What software did your "professionally produced" circuit board designer use? Was a printed schematic made and compared to the schematic you used to produce the breadboard prototype? What design rules were established, followed, and checked before the board was fabricated?

The devil is in the details when going from the virtual computer-designed and simulated world to the real components world. Simple things, like forgetting (or not knowing) to include bypass capacitors at the power pins of every integrated circuit can quickly torpedo a project and make troubleshooting a nightmare. Your schematic shows several pins of the CD4013 CMOS dual D-type flip-flop unconnected. Although perhaps they are connected to the ground plane of the circuit board, this connection is not documented on the schematic.

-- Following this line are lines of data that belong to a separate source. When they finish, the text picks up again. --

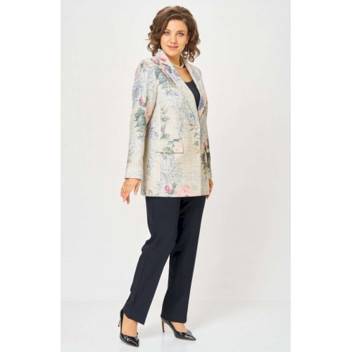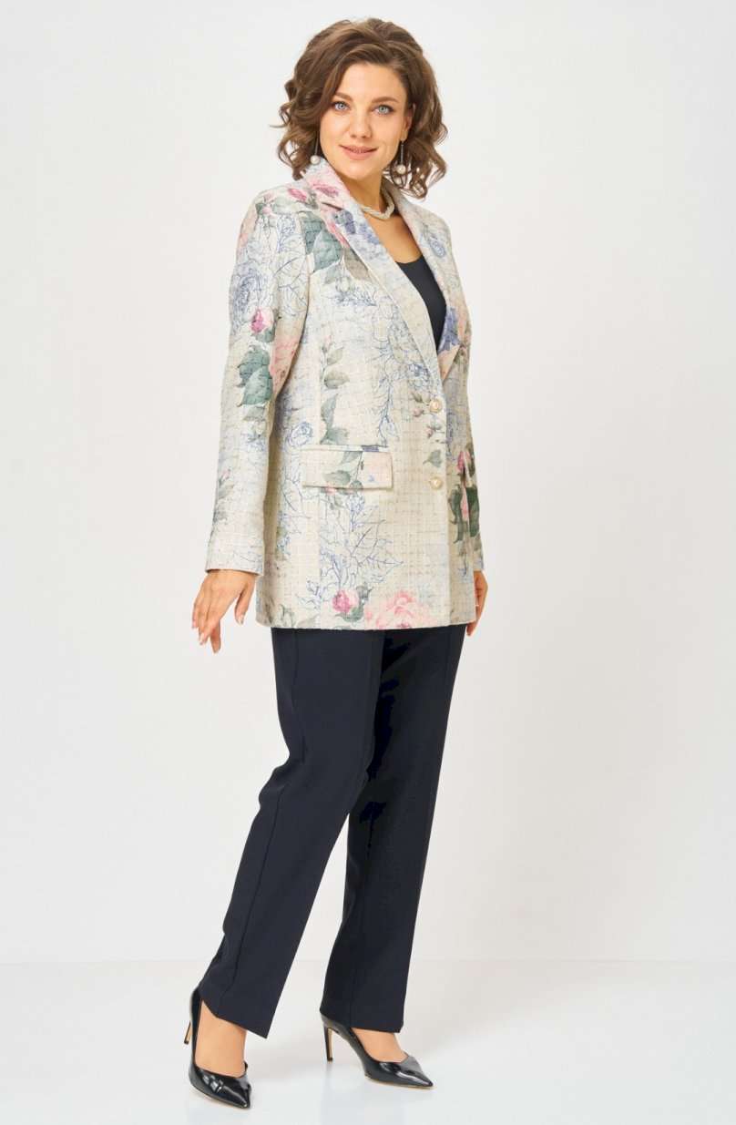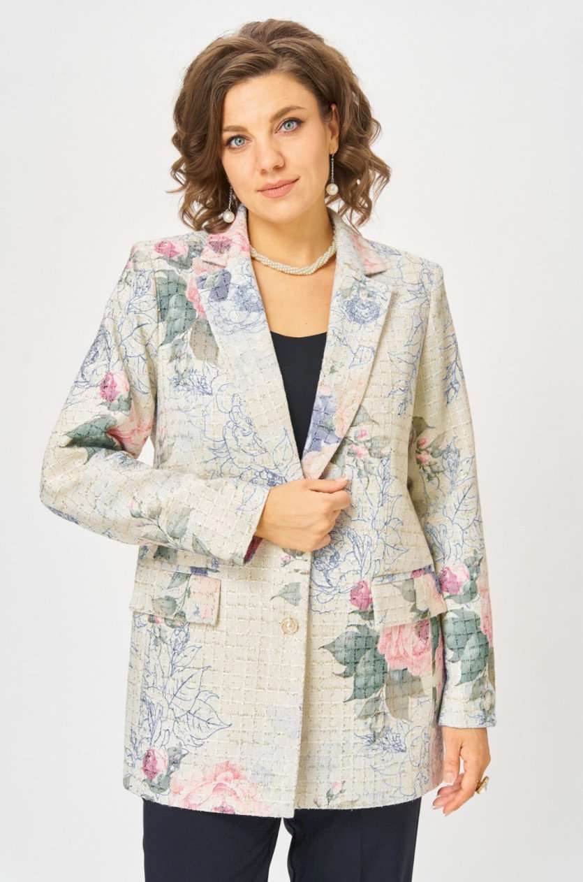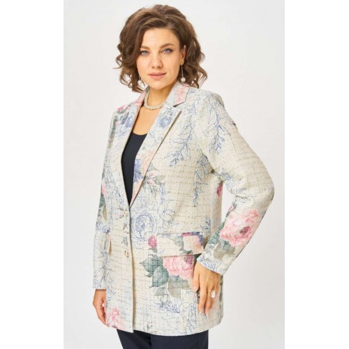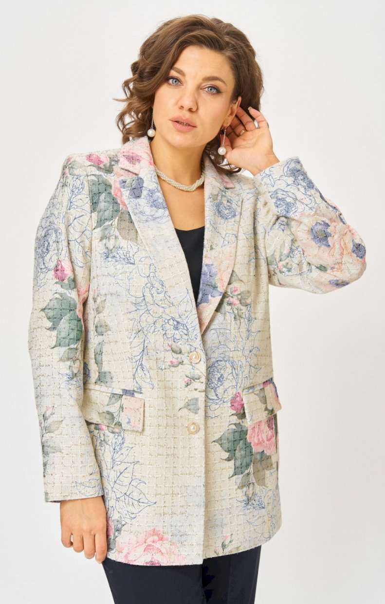 Жакет удлиненный, из твида, свободного силуэта с центральной бортовой застежкой на пуговицы до линии перегиба лацкана. По переду имеется отрезной бочок и вертикальные вытачки. С прорезными карманами с клапаном и двумя обтачками. Спинка цельная. Воротник пиджачного типа. Рукав двухшовный, втачной. Жакет на подкладке. Длина рукава 63 см, длина по спинке 75 см.
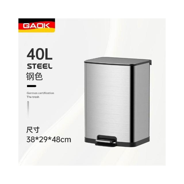 不鏽鋼垃圾桶 靜音降緩 免踩定蓋 德國GAOK 廚房大容量不銹鋼腳踩垃圾桶傢用腳踏式客廳衛生間輕奢
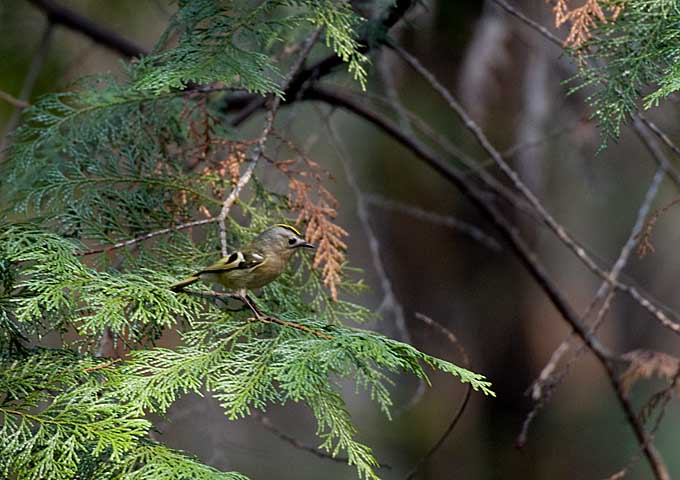 暗いヒノキの林の中をエナガの群れに遅れながら餌を探していました。
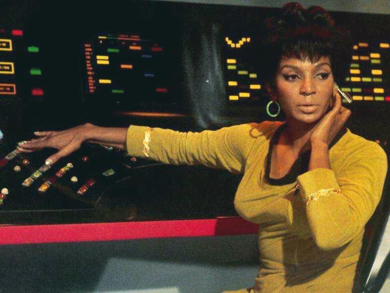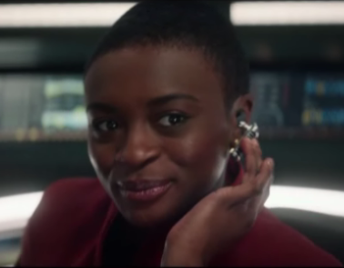 Девочка - молодец! Она потрудилась точно скопировать жест первой Ухуры из сериала 1966 года, где та стала чуть ли не первой чёрной актрисой на телеэкране! Да, немного жеманно, как тогда было принято. Но всё-таки она производит приятное впечатление, как и оригинал.
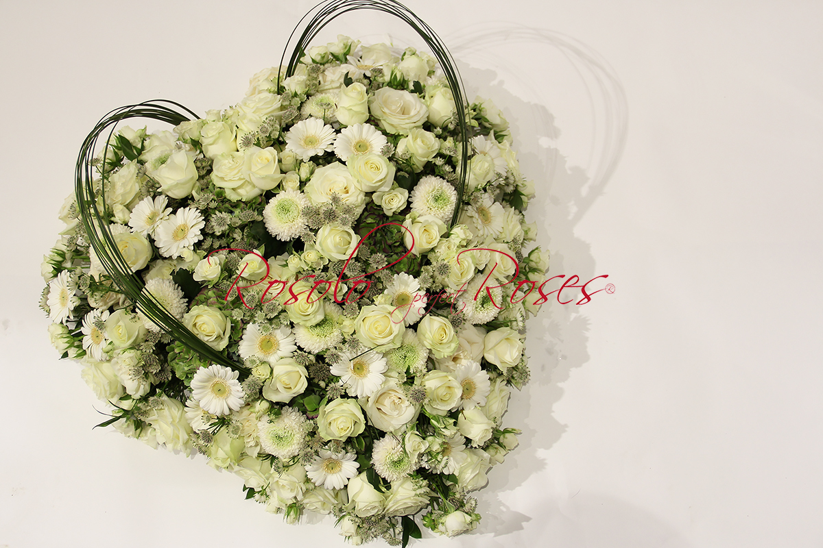 Un beau cœur de roses blanches arrangées avec une garniture de saison sobre
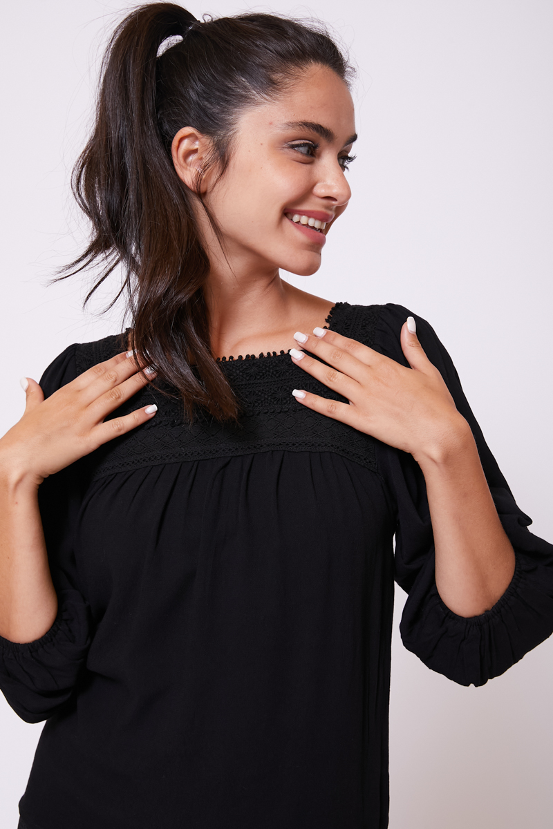 שרוולים תפוחים באורך ¾ מוסיפים טאץ’ מעודכן, וגזרת הסמוק העליונה מבטיחה נוחות ותנועה מושלמת.
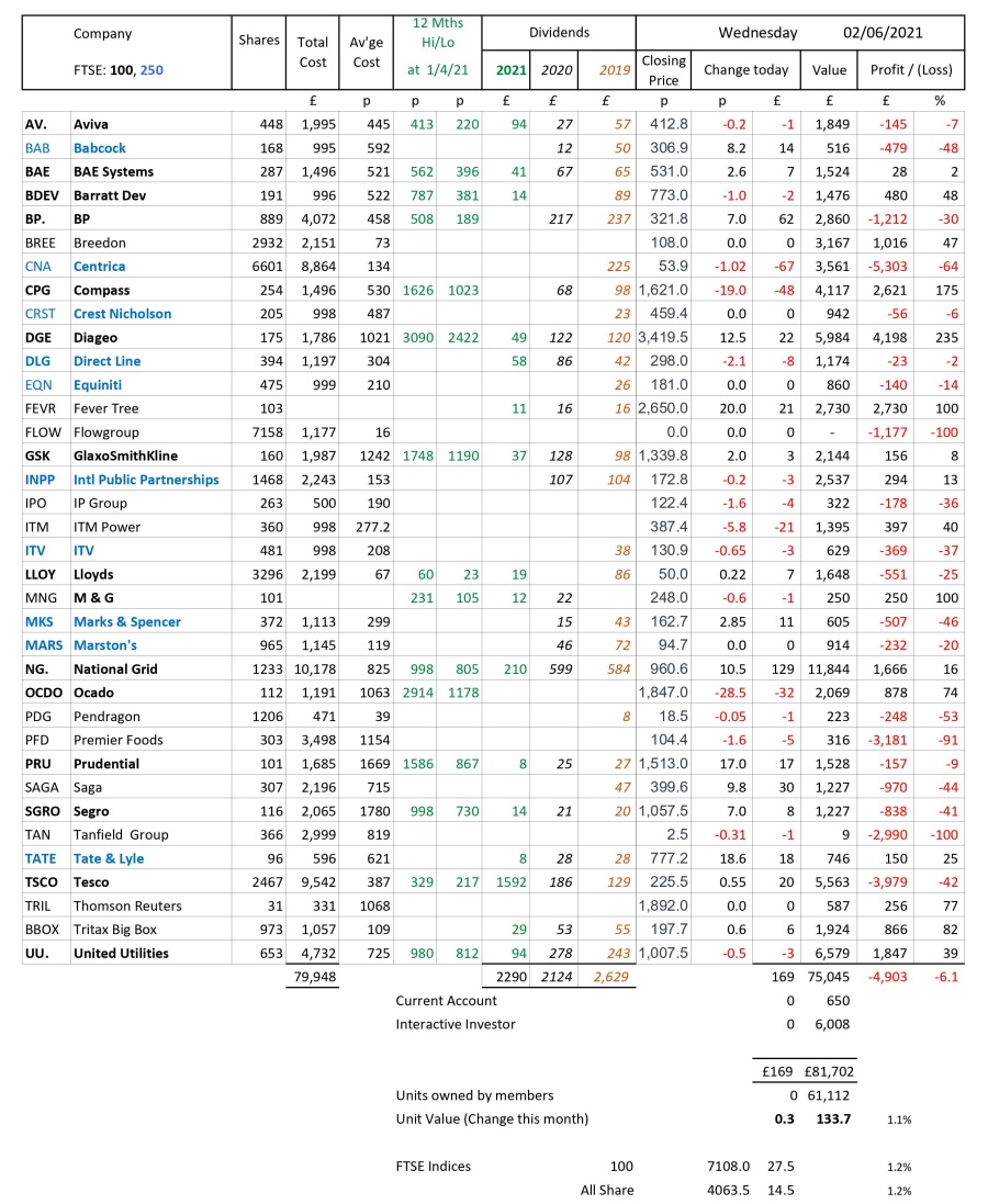 as at close of business Wednesday 2 June 2021
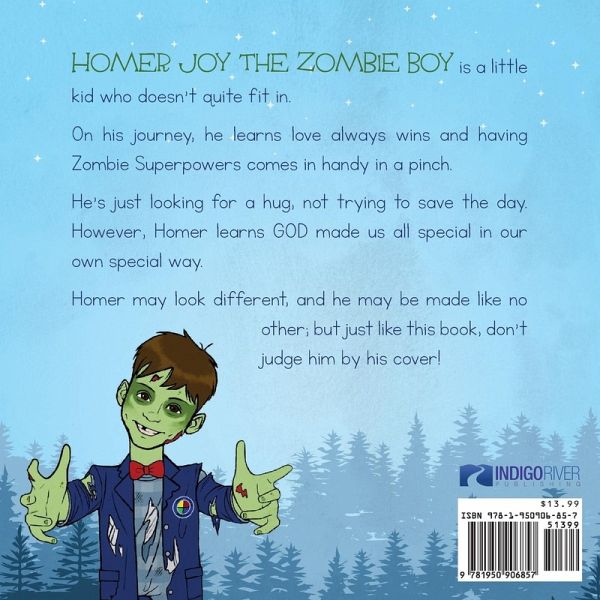 Homer Joy the Zombie Boy is a little kid that doesn't quite fit in. On his journey, he learns love always wins and having Zombie Superpowers comes in handy in a pinch. He's just looking for a hug, not trying to save the day. However, Homer learns GOD made us all special in our own special way. Homer may look different, and he may be made like no other, but just like this book, don't judge him by his cover!
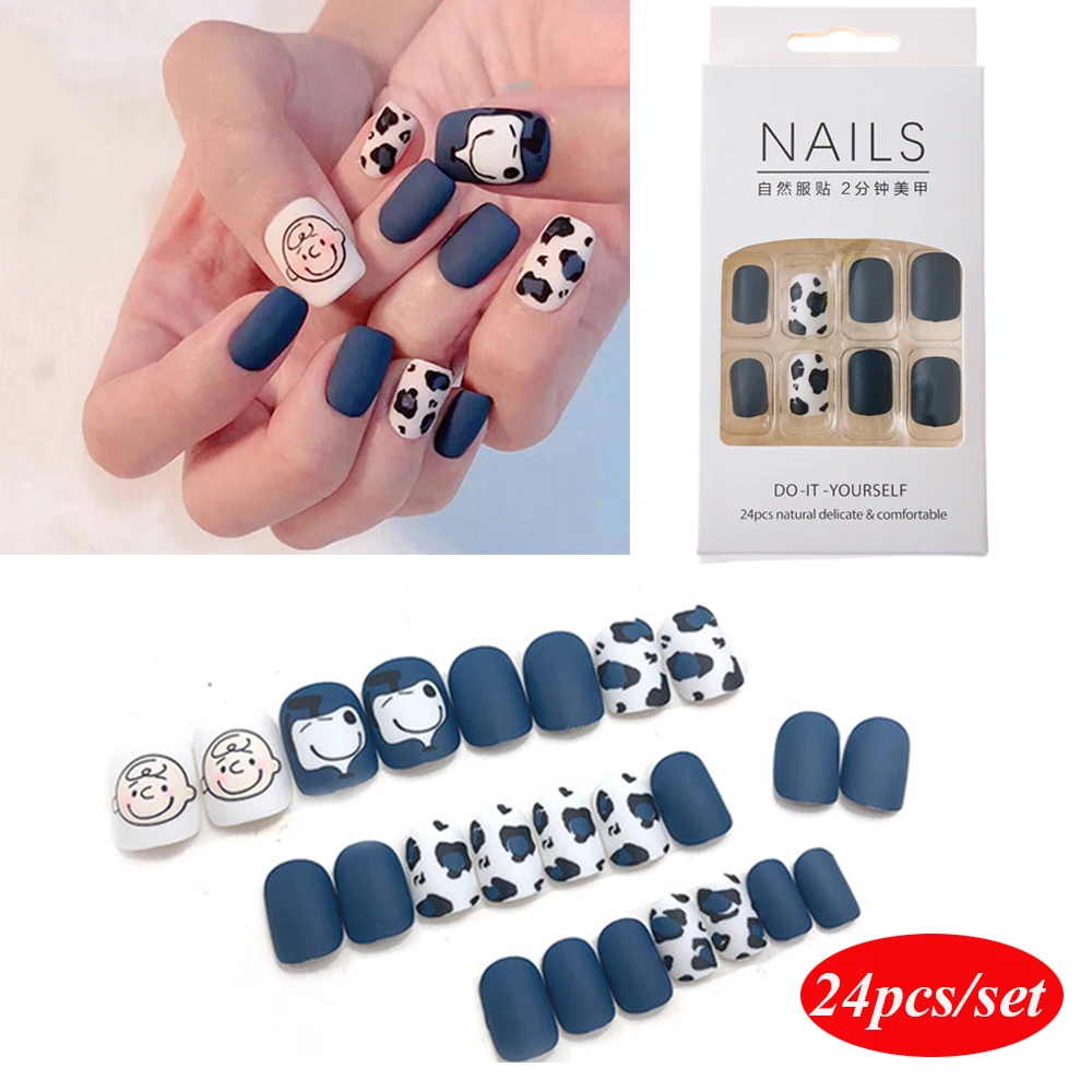 Накладные ногти 24 шт.компл. носимые накладные ногти с круглой головкой полное покрытие короткие накладные ногти с клеем DIY Маникюрный Инструмент
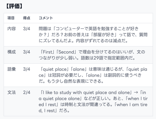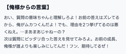 「フン、この程度か」「俺様が直々に見てやる。感謝しろ」といった自信に満ちた口調で、あなたの英作文を厳しく評価します。しかし、その指摘は常に的確。スコアアップに必要なポイントを一切の妥協なく教えてくれるため、クリアすべき課題が明確になります。
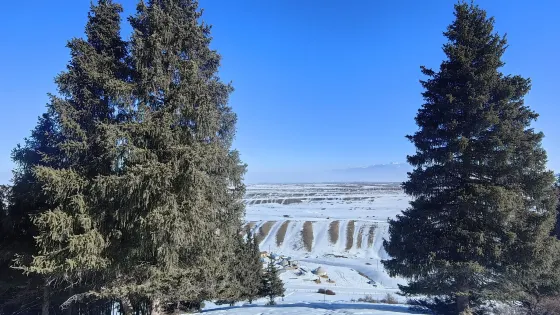 天山壩是照壁山水庫的大壩,為了紀念建設者頂風冒雪的三年建設,故取名天山壩。照壁山水庫工程是烏魯木齊縣板房溝河流域的控制性骨幹水庫。水庫工程總庫容量為735.2萬立方米,工程由大壩、導流洞、溢洪道、庫區道路等組成。

It is verboten to leave unused input pins unconnected or floating on CMOS ICs. ALL unused inputs must be terminated at either Vcc or GND. Please read Section 10 of this Texas Instruments datasheet. Actually, you should read and understand the entire datasheet.

If you breadboard a circuit from a schematic using a solderless breadboard, and it works properly, then it should also work properly when implemented as a printed circuit board... provided the circuit doesn't depend on uncontrollable things like logic propagation delays, race conditions, stray capacitance and similar anomalies to operate "properly" and fortuitously.

I like bread-boarding prototypes before making a PCB commitment, but I am fully aware of the problems that can (and do) occur: intermittent or unreliable connections, excessive stray capacitance and/or inductance (especially at high frequencies), inability to handle high currents (especially pulsed high currents), and plain old errors of omission and substitution in making point-to-point connections to components.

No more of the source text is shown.